Another aspect of the present invention is a computer 
processor which comprises an instruction pipeline compris- 
ing a plurality of stages. Each stage contains pipeline data. 
A branch cache comprises a plurality of cache lines. Each 
cache line comprises a stored branch tag and stored cache 
data. A branch cache controller is configured to detect a 
cacheable branch instruction in one of the pipeline stages. 
The branch cache controller receives a current branch tag 
from one of the pipeline stages. The branch cache controller 
receives conditional information indicative of whether the 
branch shall be taken. The branch cache controller attempts 
to match the current branch tag to a stored branch tag for a 
first cache line. If the branch is to be taken, the branch cache 
controller signals a cache miss when the attempt to match 
fails and signals a cache hit when the attempt to match 
succeeds. In response to the cache miss, the branch cache 
controller stores the current branch tag in the branch tag 
location of a designated cache line. The branch cache 
controller further stores data from one or more of the 
pipeline stages which stall in response to the cacheable 
branch instruction. The data from the stalled pipeline stages 
are stored in the cache data location of the designated cache 
line. In response to the cache hit, the branch cache controller 
loads one or more of the pipeline stages from the stored 
cache data to avoid a pipeline stall from the cacheable 
branch instruction. 

Another aspect of the present invention is a computer 
processor which comprises an instruction pipeline which 
comprises a plurality of stages.
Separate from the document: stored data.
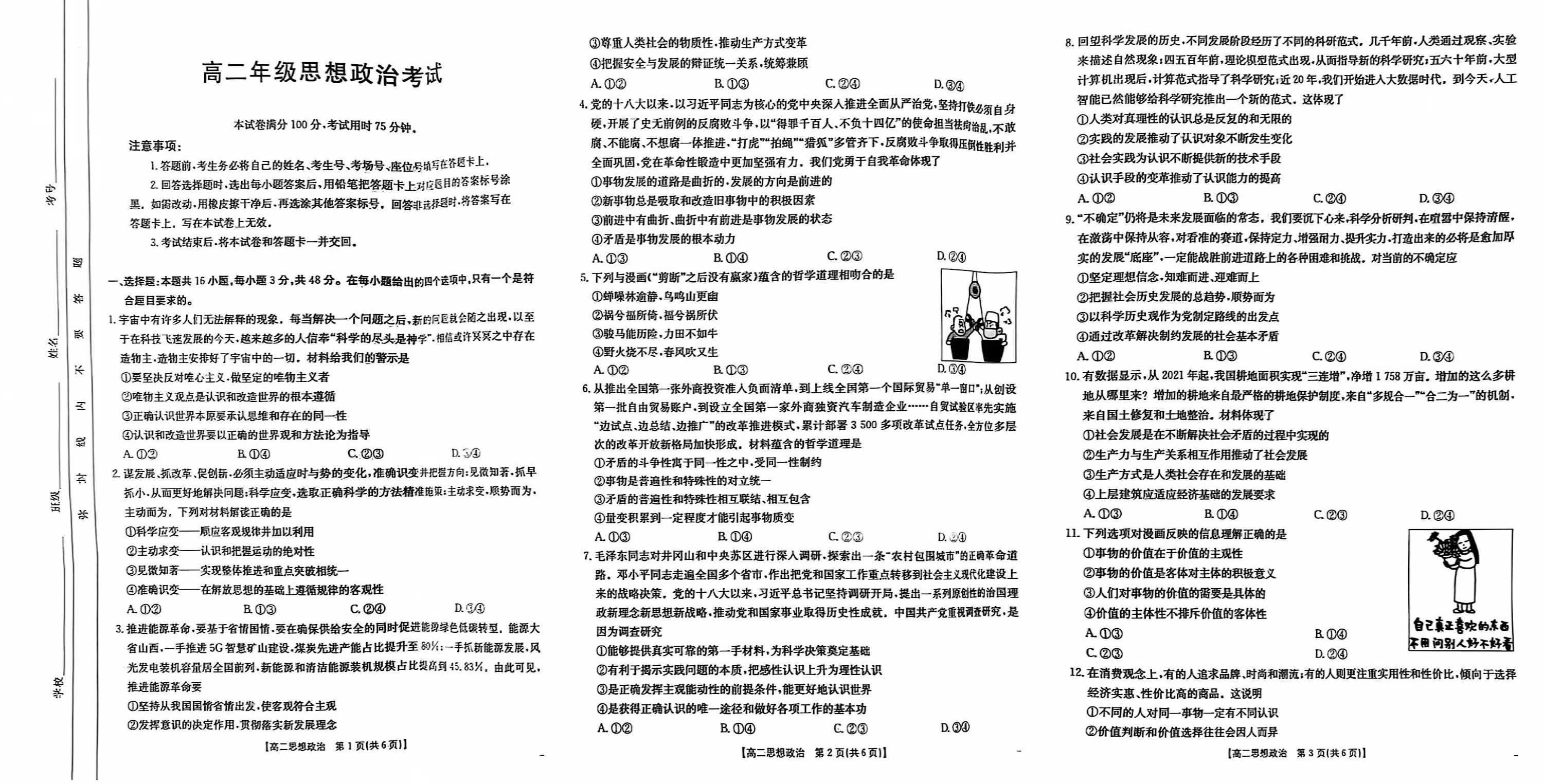 陕西省部分学校2024-2025学年高二11月期中考试政治
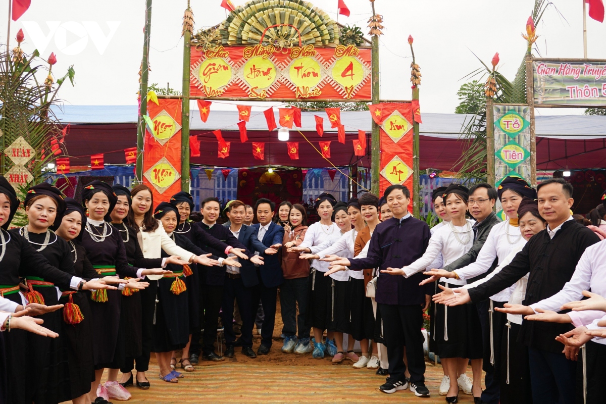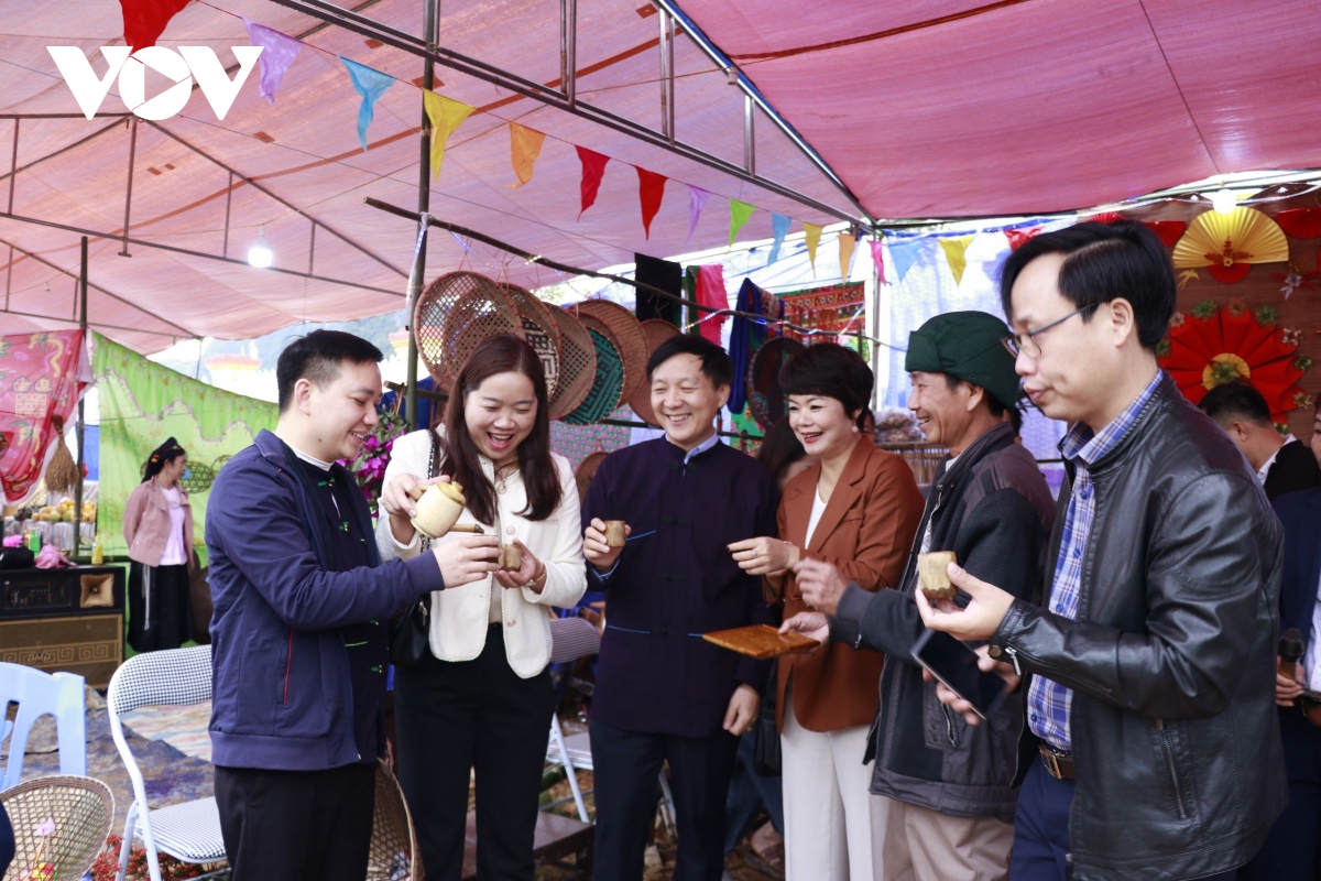 Các thôn cũng mang sản vật của địa phương giới thiệu với du khách |
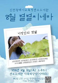 (인천=국제뉴스) 이병훈 기자 = 인천시교육청연수도서관은 8월 '별별씨네마'에서 김이향 감독의 다큐멘터리 영화 '이방인의 텃밭'을 상영한다고 밝혔다.
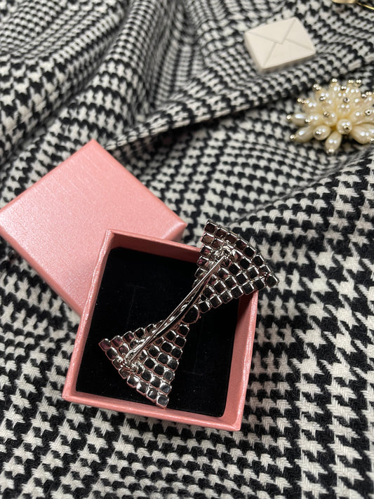 Vintage strik broche met strass
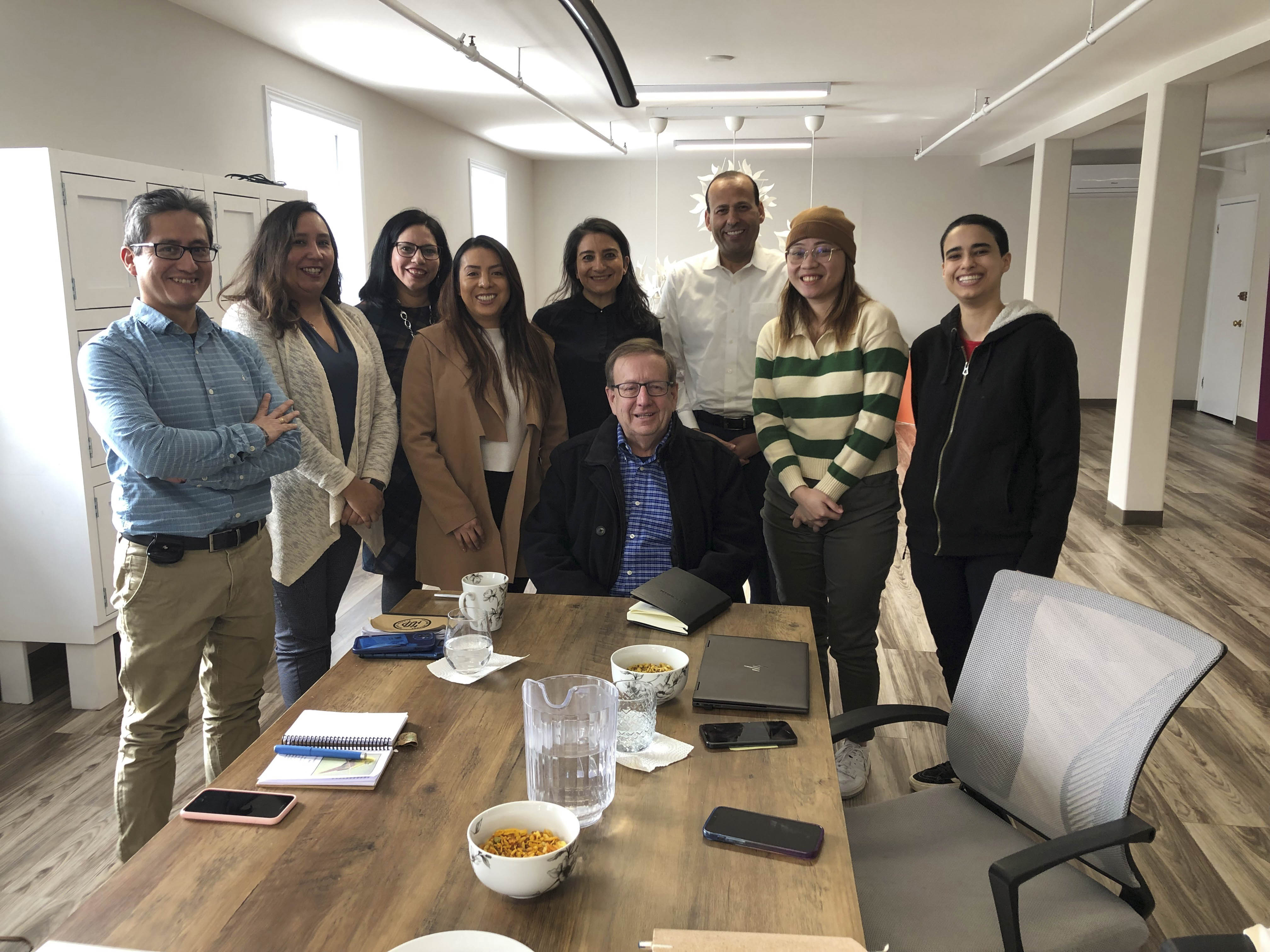 Tuesday March 14, 2023 – Senator Percy E. Downe, sitting, visits the NuWelCom office in Charlottetown, Prince Edward Island. The company runs a made-in-Atlantic Canada app that helps new immigrants better integrate and participate in their community. Senator Downe met with co-CEO Khalid Shami, third from right, and with new immigrants from Peru, Colombia and Ecuador, who now live on Prince Edward Island.

Each stage contains data. 
The processor includes means for storing data from one or 
more of the pipeline stages and for restoring data to one or 
more of the pipeline stages. The processor further includes 
means for controlling the means for storing. The means for 
controlling causes the branch cache to store data from one or 
more of the pipeline stages in response to execution of a 
cacheable branch instruction which triggers a cache miss. 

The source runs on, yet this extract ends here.